Tennessee Medicine E-Journal


Objective: To investigate the efficacy of a telemedicine-based endocrine consultative service in improving outcome measures in rural patients with endocrine disorders.

Materials and Methods: Patients from five rural communities were referred by their primary care providers (PCPs) to the Telemedicine Unit of the University of Tennessee Health Science Center (UTHSC). Patients and the telemedicine studio were connected via videoconference using Polycom VSX 7000 video cameras, television monitors and dedicated lines to transmit video and audio electronic records. Recommendations regarding management were sent to the PCP via fax.

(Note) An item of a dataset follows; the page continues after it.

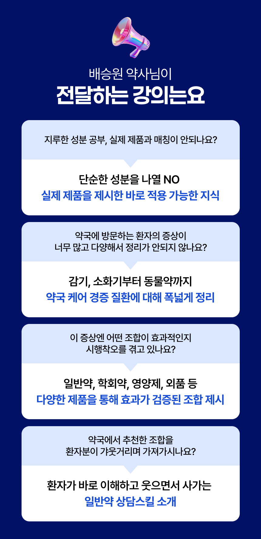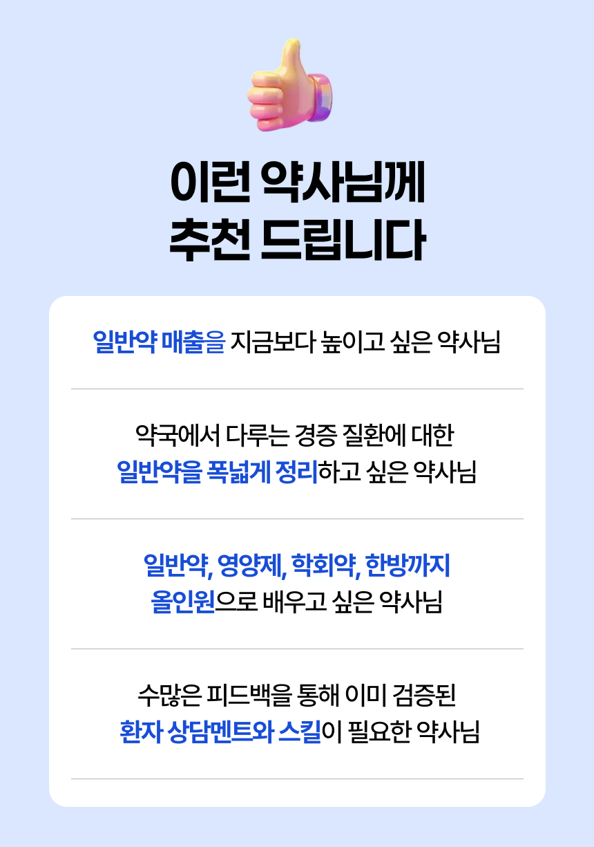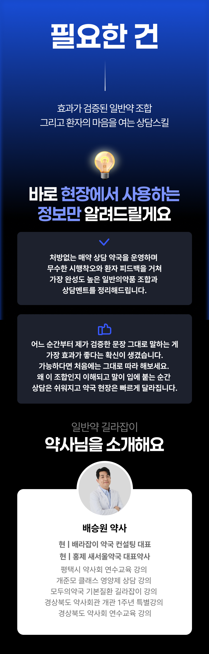 (현) 배라잡이 약국 컨설팅 대표 (현) 홍제 새서울약국 대표약사 (현) 차의과대학원 임상약학과 석사 재학 (전) 우석대학교 약학대학 약학과 졸업 (전) 포항 늘기쁜 약국 대표약사 (전) 의정부 성모약국 대표약사 평택시 약사회 연수교육 강의 개준모 클래스 영양제 상담 강의 모두의약국 기본질환 길라잡이 강의 경상북도 약사회관 개관 1주년 특별강의 경상북도 약사회 연수교육 강의

Data were summarized using mean and standard deviations for continuous variables, and percentages for categorical variables. Statistical analysis was performed using Student’s t-test for continuous variables and Chi square test for categorical variables.

Results: Sixty-six patients aged 53.8 ± 15.5 years, 73 percent of whom were females, were seen over a three-year period. Of the 66 patients seen, 53 percent had type 2 diabetes while 45 percent and 41 percent had dyslipidemia and hypertension respectively; 30 percent were seen for thyroid disease and 12 percent had mineral or bone disease. Available data showed significant reduction in hemoglobin A1c after six months [9.1 ± 1.3 to 7.5 ± 1.4%; (P<0.002)] as well as improvement in mean lipid profile [total cholesterol (P=0.027), HDL (P=0.038) and triglyceride (P=0.046), with a trend towards reduction in LDL (P=0.085)]. Ninety-seven percent of subjects were comfortable with receiving care through telemedicine.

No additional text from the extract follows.